写真は「二階の広間」を復元したものではありません。1333年、フランシスコ会がイスラムの支配者から土地を購入し、聖堂、修道院を建てました。現存の建物は、聖堂を建てればイスラム教徒に破壊され、再建すれば土地を没収され、買い戻しては再建したもので、キプロス・ゴッシク様式の聖堂であり、修道院です。そして、1524年、フランシスコ会はイスラム教徒に土地、建物を没収され、この聖地から追放されました。

 キリスト信者が「ここに」こだわるのは、イエスが過ぎ越しの食事の席で「聖体(ミサ)を制定」し、ミサを執り行う為の「司祭職を制定」したところであり、復活したキリストが「最初に、公に使徒団にご自身を現したところ」であり、弟子たちが聖霊を受けて、「教会が誕生したところ」だからです。ユダヤ教徒とイスラム教とがこだわるようになったのは「ダビデの墓」と言われるようになってからです。

 ユダヤ・キリスト信者はエルサレムが破壊され(70年)、ユダヤ人がエルサレムから追放された後も(135年)、住み着いていました。326年、聖へレナがエルサレムに来て、キリスト処刑の十字架を発見したころ、この地に「キリスト信者の小さな教会」がありました。ビザンチン時代になると、「ハギアシオン(聖なるシオン)」の大聖堂が建ちました
(写真2:緑の斜線)。赤の斜線が現在の「聖マリアの永眠教会」です。

 614年、エルサレムはササン朝ペルシャの略奪、放火の被害を受け、1009年、カリフ アル・ハキムはキリスト復活大聖堂の破壊と同時にハギアシオンその他の大聖堂の破壊を命じました。1099年、十字軍がエルサレムを開放し、破壊された大聖堂の再建に取り組みました。この時、破壊されたハギアシオンの基礎の上に、「シオンの聖マリア大聖堂」を再建しました
(写真2:青の斜線)。1187年、サラデインが十字軍を破り、再び、イスラム教徒がエルサレムを支配するようになり、その後、シオンの聖マリア大聖堂は破壊されてしまいました。

 フランシスコ会は破壊された「シオンの聖マリア大聖堂」の南東の部分、「最後の晩さんの部屋(cenaculum)」
(写真2:ハギア図×)の残された外壁を取り組んで、「シオン山修道院」を建てました(写真3:外壁)。写真は回廊の南から撮ったものです。右上部分に窓枠の半分、幅80cm以上の大きな石が「シオンの聖マリア大聖堂」の南外壁です。「ハギアシオン」はこの様な見事な外壁だったと思われます。石の質、また、幅は「西の壁(嘆きの壁)」と同じ物です。外壁の奥が「ダビデの墓」です。

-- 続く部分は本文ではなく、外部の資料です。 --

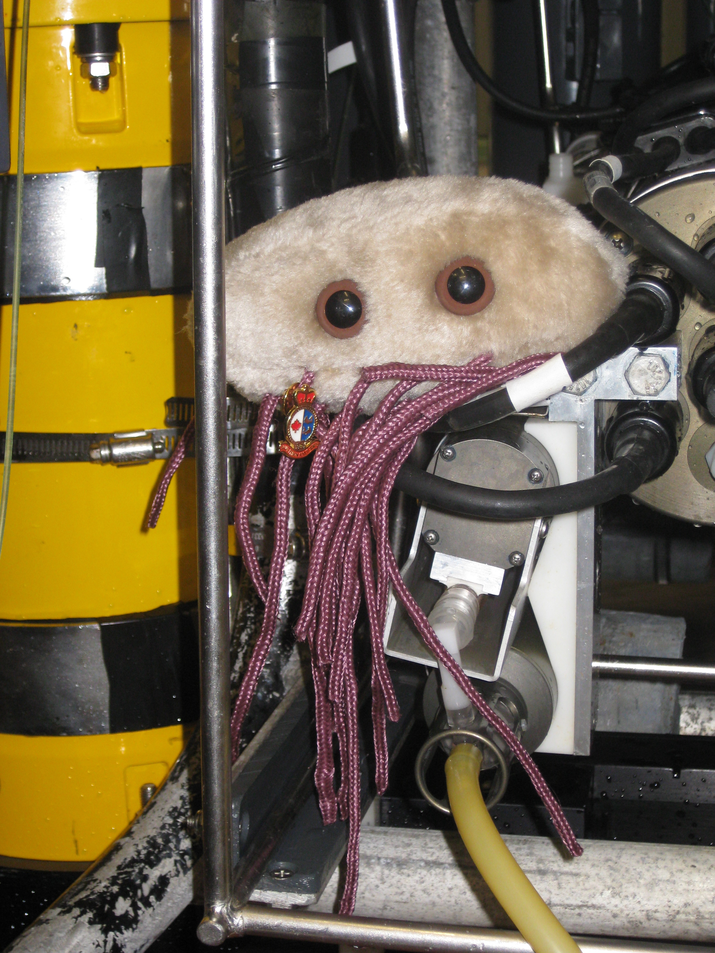Gerty Ward says, "Eli the E. coli's right-most cilium is draped over the temperature sensor on the CTD (Conductivity, Temperature, and Depth probe)." In the Rosette shack, aboard the Canadian Coast Guard icebreaker Louis S. St-Laurent, on the Beaufort Sea.

 フランシスコ会修道院時代の「間取り」を説明します。
「写真1:高間」の右奥に階段が見えます。その先の部屋(東)が「聖霊降臨の聖堂」です。左(北)の舞台(見えません)にはイスラム教徒によって作られたダビデの記念碑がありました。右(南)にあるのが、ミラブでメッカの方向を示すものです(一部見えます)。これらはイスラム時代にモスクとして使われていたなごりです。
写真4:晩餐下
 右手前(南西)に下に降りる階段があります(見えません)。
「写真4:晩餐下」手前のホール(西)は、古くは過ぎ越しの食事前に、主キリストが弟子たちの足を洗ったところで(ヨハネ13.1-15)、修道院となってからは、最初、兄弟たちの寝室、その後、巡礼者たちの宿泊所、そして、聖フランシスコ聖堂でした。壁の先(東)(入り口が見えます)は一段高くなっていました。古くは、キリスト逮捕、処刑で恐れた弟子たちが逃げ潜んでいたところで、復活した主イエスが使徒団に公に現れたところです。修道院時代では左の部屋が「ダビデとソロモンの墓」で(現在はダビデの墓)、右が「聖トマス聖堂」でした。

写真3:側壁 フランシスコ会は、支配者が代わっても、まだ、「シオン山修道院」に戻ることが出来ません。1948年まで、キリスト信者とユダヤ人は異教徒としてイスラムの聖地:「ダビデの墓」に近づくことが出来ませんでした。やっと、イスラエル支配となってから、すべての人に開放されました。それでも、イスラエルはキリスト教祭儀を許しません。例外として、フランシスコ会が「聖木曜日」と「聖霊降臨の日」に「夕の祈り」を公にすることが許されています。そして、昨年、2000年3月24日、イスラエル政府はヨハネパウロ二世が「聖体制定の部屋」で、ミサを捧げることを許しました。このシオン山修道院の問題は「聖地の問題」のほんの「一つ」です。